It didn’t take long for fear to triumph over compassion in the wake of Friday’s terrorist attacks in Paris. Two examples, first from Michigan Gov. Rick Snyder:
Michigan is a welcoming state and we are proud of our rich history of immigration. But our first priority is protecting the safety of our residents. Given the terrible situation in Paris, I’ve directed that we put on hold our efforts to accept new refugees until the U.S. Department of Homeland Security completes a full review of security clearances and procedures.
And now from his counterpart, Alabama Gov. Robert Bentley:
After full consideration of this weekend’s attacks of terror on innocent citizens in Paris, I will oppose any attempt to relocate Syrian refugees to Alabama through the U.S. Refugee Admissions Program. As your Governor, I will not stand complicit to a policy that places the citizens of Alabama in harm’s way.
Those announcements were made Sunday. This morning, four more governors, Asa Hutchinson of Arkansas, Greg Abbott of Texas, Bobby Jindal of Louisiana, and Mike Pence of Indiana, followed their lead. Not to put a partisan edge to this, I will simply note that all six are Republicans.
*UPDATE* OK, maybe I will put a partisan edge on it after all. As of 3 pm today as many as 13 Republican governors had either specifically said they would bar Syrian refugees or that they are considering such a move. But two states, Pennsylvania and Connecticut, have gone the other direction, reaffirming their commitment to resettle Syrian refugees in their states. Both governors, Tom Wolf of Pennsylvania and Dannel Malloy of Connecticut, are Democrats.
My focus, though, will mostly be on Snyder, my governor, who claims to be acting in the interests of my safety and the safety of my family and friends.

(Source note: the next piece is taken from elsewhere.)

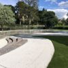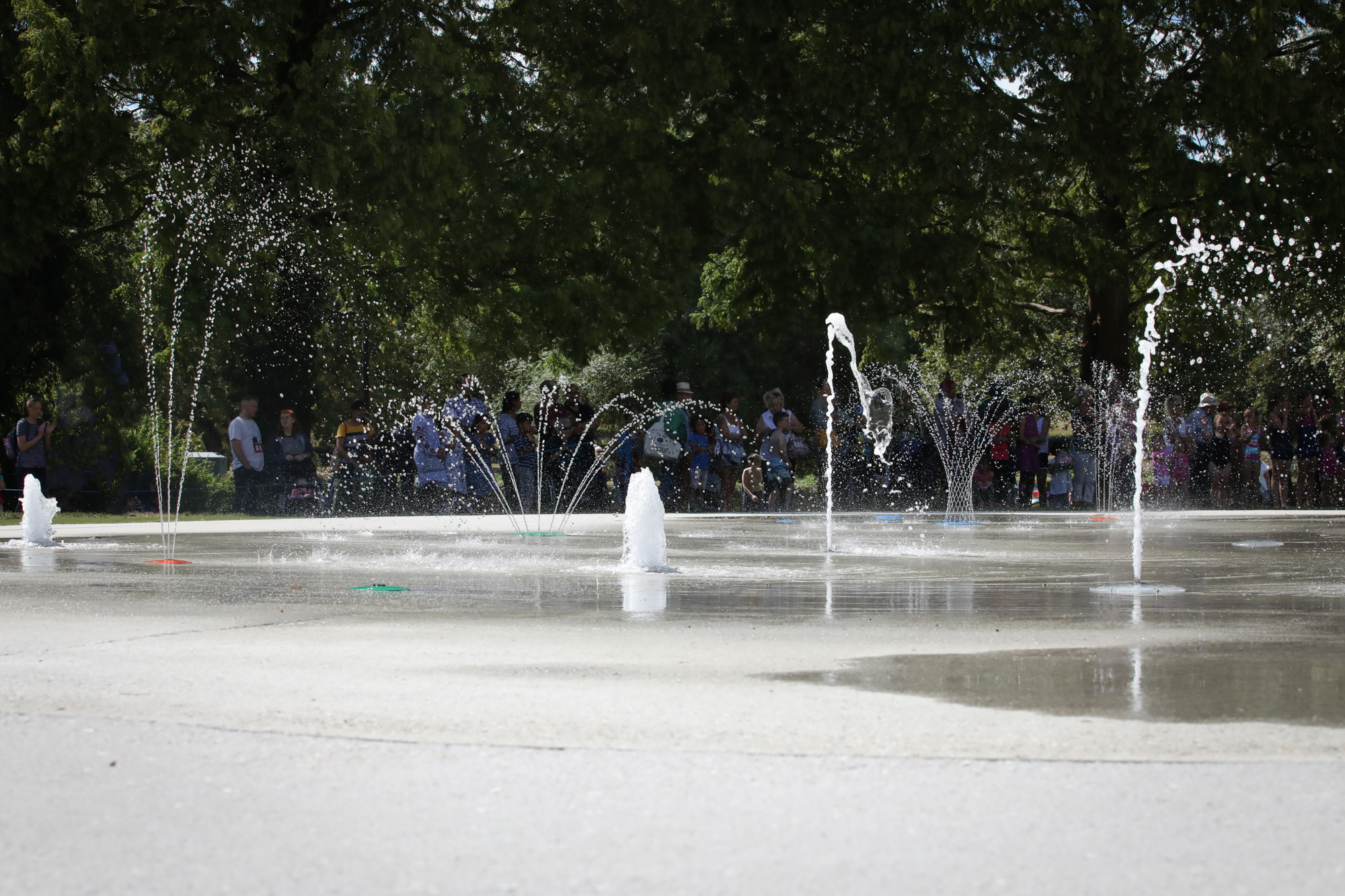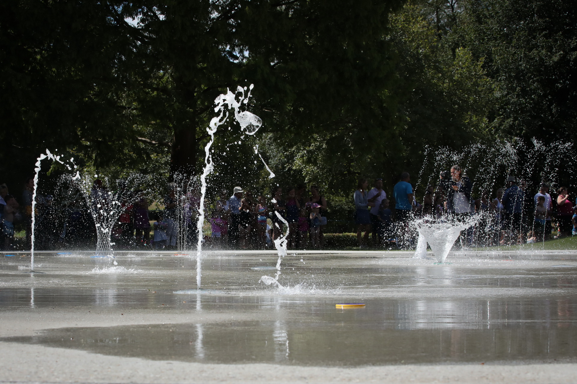 Private events, such as splashpad parties or fountain shows with LED lighting, can be booked for additional revenue. The design thoughtfully integrates the surrounding tranquil environment and local history, using free-form shapes and warm LED lighting. The landscape, lighting, and patterned jets can be programmed for evening fountain displays, creating a magical atmosphere.

In barring the door to refugees fleeing the carnage in Syria, Rick Snyder is reversing course only two months after announcing that Michigan would work with the federal government to welcome refugees from the Syrian and Iraqi warzones. Lutheran Social Services of Michigan, the state’s largest refugee resettlement agency, has in the last year helped between 1,800 and 2,000 refugees relocate to Michigan, about 200 of them from Syria. More were expected in coming months, but Snyder’s decision now casts that in doubt.

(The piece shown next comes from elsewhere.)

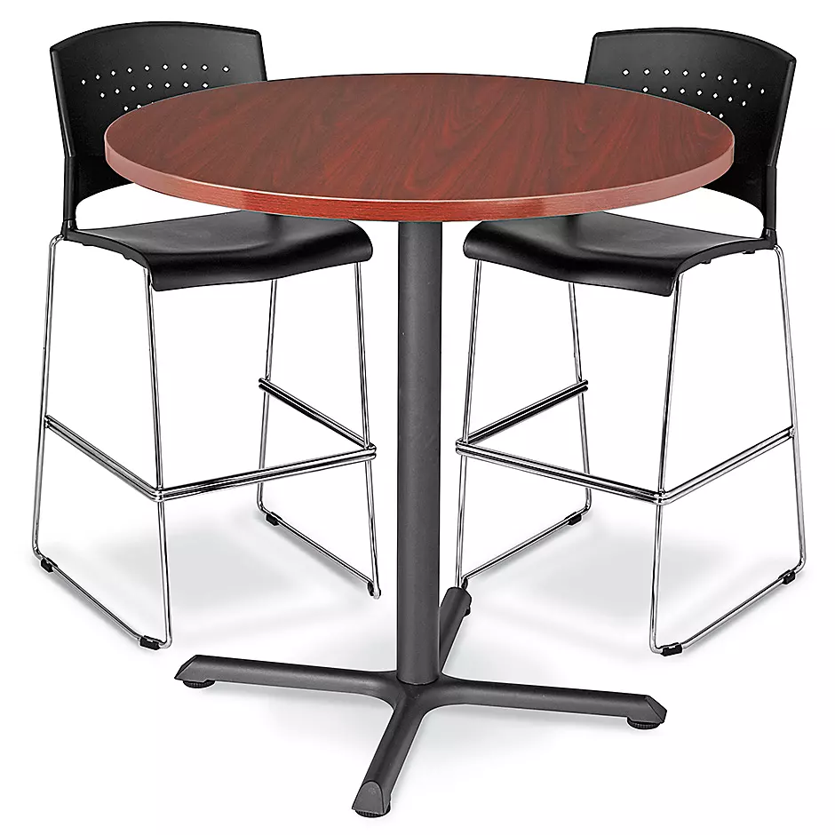 42″ high. 1 1/4″ thick top with smooth, scratch-resistant laminate surface.
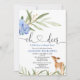 Convites Chá de fraldas de cervo azul-floral verde-floral

In the name of keeping his fellow Michiganders safe, Snyder is turning the state’s back on people like the Al Zoubi family, who fled their home in Daraa at the beginning of the war and spent years as refugees in Jordan before being resettled in Michigan about six months ago. The video below tells their story.
Bentley, Alabama’s governor, is closing the door preemptively. No Syrian refugees have been resettled in his state, and while it is theoretically possible that some might have been settled there in the future (one of the State Department’s nine domestic refugee processing centers is in Mobile) that likelihood is remote given the State Department’s policy of settling new refugees in communities where other Syrian immigrants are already established. That means places like Dearborn, MI, where refugees have already arrived and been welcomed into the community.
Both governors cite security concerns as justification for their decisions, driven by fear that ISIS terrorists could infiltrate the United States by hiding amongst the flood of refugees fleeing Syria, as may be the case with at least one of the Paris attackers. But the reality is that the United States has taken so few Syrian refugees compared to our European counterparts, only 1,800 between 2012 and September of this year, because of the intense security screening that they have to go through before being admitted to the US.
As the New York Times detailed back in October, refugees trying to reach the United States have to first apply through the United Nations, and before being accepted are screened by the FBI and then through databases maintained by the Defense Department and other federal security agencies. Meanwhile, 18,000 Syrians have already been referred to the US for refugee status by the UN and additional referrals from UN-run refugee camps are piling up at a rate of 500 to 1,000 a month.
The Obama administration says it remains committed to bringing as many as 10,000 additional Syrian refugees to the US in the coming months. But its hard to see how that can happen in the climate of fear to which our elected leaders have succumbed.